The Ph.D. may once have held prestige, but that has been diminished by the erosion of seriousness and the relaxation of standards in university education generally, at any rate outside the sciences. Getting a doctorate was then an arduous proceeding: One had to pass examinations in two foreign languages, one of them Greek or Latin, defend one’s thesis, and take an oral examination on general knowledge in one’s field. At Columbia University of an earlier day, a secretary sat outside the room where these examinations were administered, a pitcher of water and a glass on her desk. The water and glass were there for the candidates who fainted. A far cry, this, from the few doctoral examinations I sat in on during my teaching days, where candidates and teachers addressed one another by first names and the general atmosphere more resembled a kaffeeklatsch. Dr. Jill, I note you acquired your Ed.D. as recently as 15 years ago at age 55, or long after the terror had departed.
A bit after this it's behind the paywall, so I won't include it.
there has been a lot of backlash on him.
Michelle Obama defends Jill Biden after op-ed: ‘We could not ask for a better First Lady’
Michelle Obama defended Jill Biden after an opinion piece published in The Wall Street Journal suggested the incoming first lady “drop the ‘Dr.’” before her name, even though she has…
thehill.com
This is from the Editorial page editor...
Paul Gigot, editorial page editor for the Journal, defended Epstein’s op-ed in a piece published Monday, arguing that the commentary is “fair.”
“The issue of Jill Biden’s educational honorific isn’t new. As long ago as 2009, the Los Angeles Times devoted a story to the subject. From the piece by Robin Abcarian: 'Joe Biden, on the campaign trail, explained that his wife’s desire for the highest degree was in response to what she perceived as her second-class status on their mail. ‘She said, “I was so sick of the mail coming to Sen. and Mrs. Biden. I wanted to get mail addressed to Dr. and Sen. Biden.” That’s the real reason she got her doctorate,’ he said.’”
Gigot also defended Epstein’s use of the word “kiddo” to refer to Biden, saying that her husband, now-President-elect Joe Biden, also “used it to refer to his wife in the context of his many proposals of marriage” during a speech in 2012.

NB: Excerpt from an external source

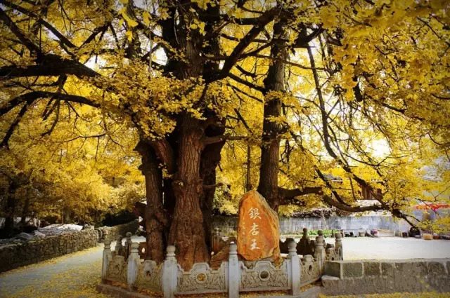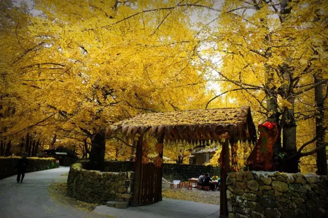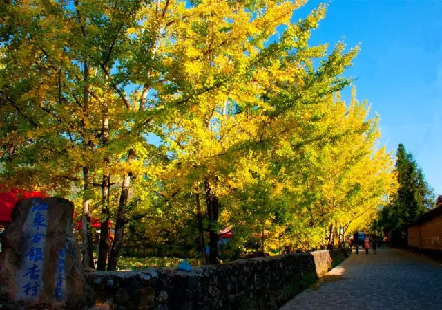 每年11月,银杏村房前屋后,小路上、石墙上、瓦房上、水沟中、菜地里……黄叶纷飞,一地金黄。游人身临其境,仿若走进金色的童话世界。清晨,阳光透过树叶缝隙投下美丽的斑驳光影,整个村庄都掩映在一片金黄中。

“Mr. Epstein also infuriated dozens of educators defending their doctorates. But that status isn’t sacrosanct or out-of-bounds for debate. Mr. Epstein’s point applies to men and women and his piece also mocked men for their honorary degrees,” he wrote.
“Mrs. Biden is now America’s most prominent doctorate holder and is taking a leading role in education policy. She can’t be off-limits for commentary,” Gigot added.
“If you disagree with Mr. Epstein, fair enough. Write a letter or shout your objections on Twitter. But these pages aren’t going to stop publishing provocative essays merely because they offend the new administration or the political censors in the media and academe. And since it’s a time to heal, we’ll give the Biden crowd a mulligan for their attacks on us.”
So, is this a thing? If you have a PhD, or Ed D, or JD, if you want to be called Dr... so what? Are MD's the only ones allowed to be called Dr? What about DO's? Dentists?
They're always going to be a little ribbing in the fields, but her degree isn't an honorary one like the opinion writer's. Where's the beef?